Кожа пробора у доктора в волосах, кожа у нее за ушами — такая чистая, белая. Наверное, и в других местах, где нет загара, она такая же. Если бы женщины знали, на какие мысли наводят мужчин их уши — крепкие мясистые краешки, тень под складочкой наверху, плавные контуры, уводящие по спирали к тесной тугой темноте внутри, — большинство женщин носили бы такие прически, чтобы их закрывать. В смысле — уши.
— Миссис Манчини, — говорит женщина-врач, — необходимо поставить зонд для искусственного кормления. Она чувствует голод, но она забыла, что это чувство означает. Поэтому она и не ест.
Я говорю:
— И сколько такой зонд будет стоить?
— Пейдж? — зовет медсестра из другого конца коридора.
Женщина-врач пристально смотрит на меня — я в коротких штанах и сюртуке, в напудренном парике, чулках и туфлях с огромными пряжками — и говорит:
— И кого вы из себя разыгрываете?
Медсестра зовет:
— Мисс Маршалл?
Я мог бы ей рассказать про свою работу, но это займет много времени.
— Я, как бы это сказать, оплот колониальной Америки первых лет.
— То есть? — уточняет она.
— Слуга-ирландец.
Она просто смотрит на меня, потом кивает. Опускает глаза на свои бумаги.
— Либо мы ставим ей зонд, — говорит она, — либо она умирает от голода.
Я смотрю в темное потайное местечко у нее в ухе и говорю: может быть, есть еще какие-то варианты?

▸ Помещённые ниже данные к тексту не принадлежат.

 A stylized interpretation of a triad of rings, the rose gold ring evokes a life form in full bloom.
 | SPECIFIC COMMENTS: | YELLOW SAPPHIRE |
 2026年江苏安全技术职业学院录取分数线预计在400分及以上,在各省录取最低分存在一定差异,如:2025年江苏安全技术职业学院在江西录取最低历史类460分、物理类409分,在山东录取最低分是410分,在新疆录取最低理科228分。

Медсестра в дальнем конце коридора кричит, уперев руки в боки:
— Мисс Маршалл?
Доктор морщится. Поднимает вверх указательный палец, прерывая меня на полуслове, и говорит:
— Послушайте, сейчас мне надо закончить обход. Давайте мы поговорим, когда вы приедете в следующий раз.

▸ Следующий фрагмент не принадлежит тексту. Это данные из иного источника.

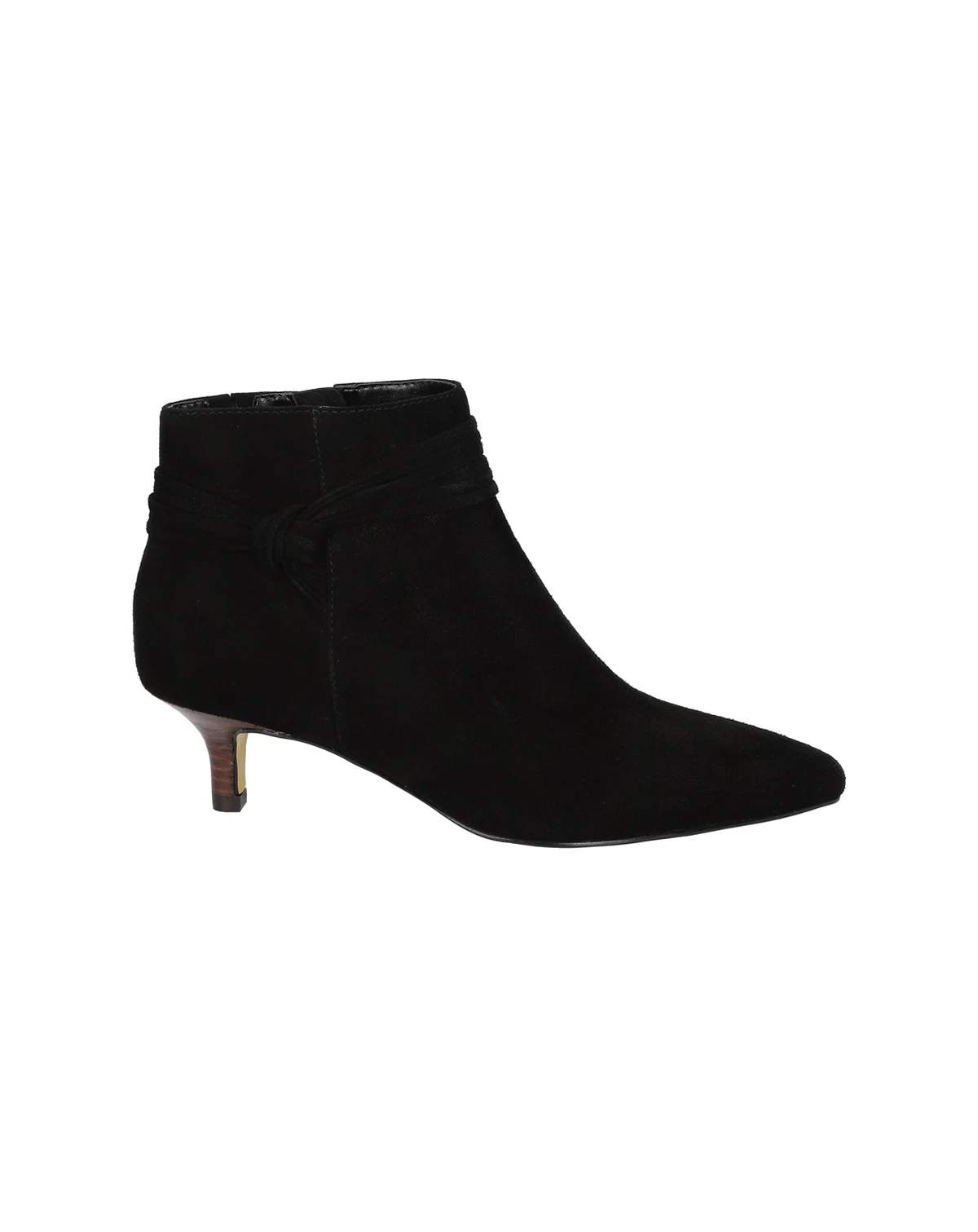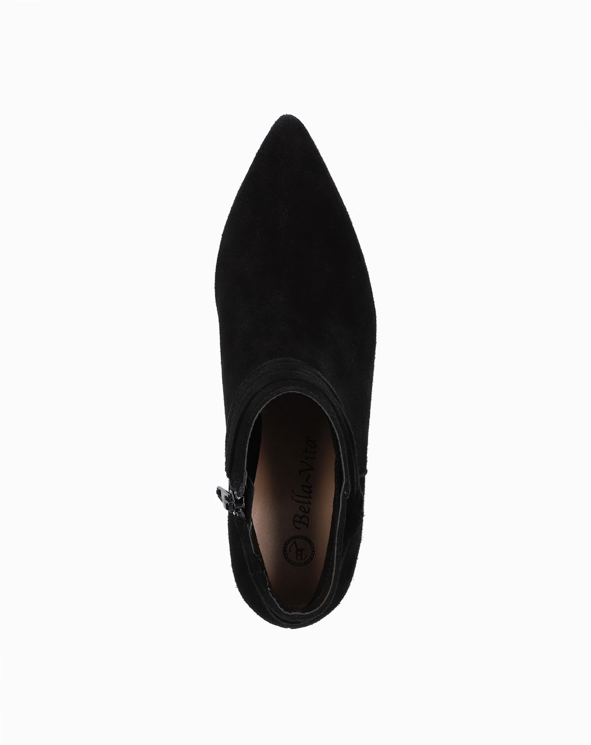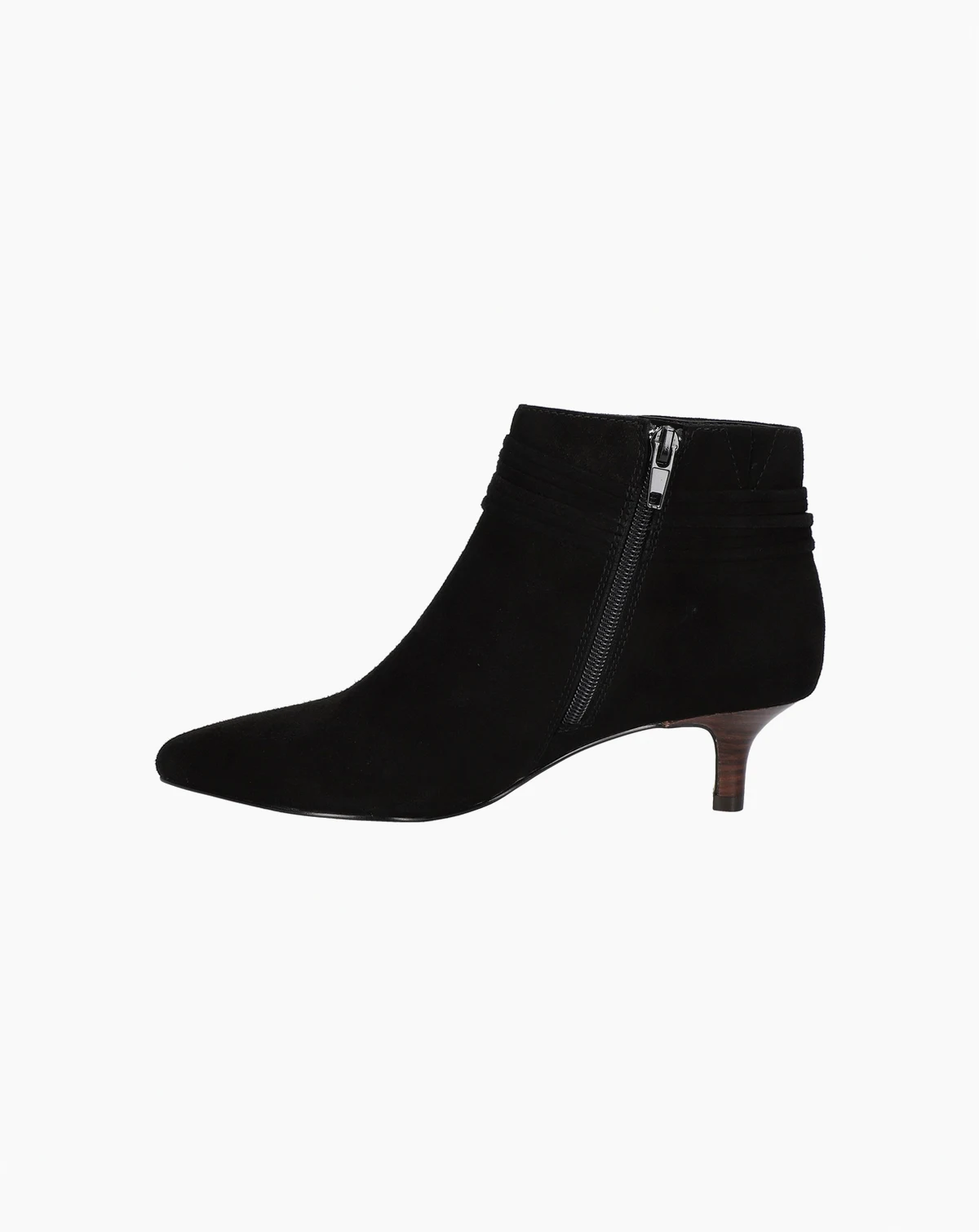 Add a timeless leather dress bootie to your wardrobe with the Jani by Bella Vita. The on-trend low kitten heel to toe and padded insole make this style comfortable for all-day wear. A feminine unique overlay design and contemporary pointed-toe construction will sophisticate any outfit.

Она идет в тот конец коридора, где ее ждет медсестра, и говорит на ходу:
— Сестра Гильман. — Она говорит быстро-быстро, так что слова натыкаются друг на друга. — Вы могли бы по крайней мере проявить уважение и называть меня доктор Маршалл. Тем более перед посетителем. Тем более если вы собрались кричать через весь коридор. Не такая уж и большая любезность, правда, сестра Гильман, но мне кажется, я заслуживаю уважительного к себе отношения, и еще мне кажется, что если вы сами начнете вести себя профессионально, то вам сразу же станет проще работать в коллективе…
Когда я возвращаюсь с газетой, мама уже спит. Ее жуткие желтые руки сложены на груди. На запястье — больничный браслет. Запаянная полоска пластмассы.
Глава 4
Как только Денни наклоняется, его парик падает в грязь. Две сотни японских туристов хохочут. Кое-кто подбирается ближе, чтобы снять его бритую черепушку на видеокамеру.
Я говорю:
— Извини, — и подбираю парик. Он уже далеко не белый и изрядно попахивает. Что, впрочем, и неудивительно — вся площадь записана псами и буквально тонет в курином дерьме.
Поскольку Денни стоит, скорчившись в три погибели, галстук болтается у него перед носом и закрывает обзор.
— Слушай, друг, — говорит Денни. — Ты мне рассказывай, что происходит, а то ни хрена не видно.
Вот он я — оплот колониальной Америки первых лет.
Чего только люди не делают ради денег.
На краю городской площади стоит лорд-губернатор колонии, достопочтенный Чарли. Стоит, наблюдает за нами. Руки скрещены на груди, ноги расставлены футов на десять. Молочницы деловито снуют по площади с ведрами молока. Сапожники, как и положено, тачают сапоги. Кузнец стучит молотом по наковальне, на которой — все тот же кусок металла. Он, как и все остальные, упорно делает вид, что не смотрит на Денни, который опять угодил в колодки — у позорного столба в центре площади.
— Поймали меня, я жвачку жевал, — говорит Денни, обращаясь к моим ногам.
Он стоит согнувшись, и у него текут сопли. Он шмыгает носом.
— На этот раз, — говорит он и шмыгает носом, — лорд-губернатор точно выступит на городском совете. Насчет меня.
Я опускаю верхнюю деревянную половину колодок — осторожно, чтобы не прищемить ему шею.
— Прости, приятель, — говорю я, — она, зараза, холодная.
Потом запираю колодки на висячий замок и достаю из кармана носовой платок.
У Денни с носа свисает сопля — прозрачная капелька. Я подношу ему к носу платок и говорю:
— Сморкайся.
Денни сморкается. Я чувствую, как его сопли хлюпают в платке.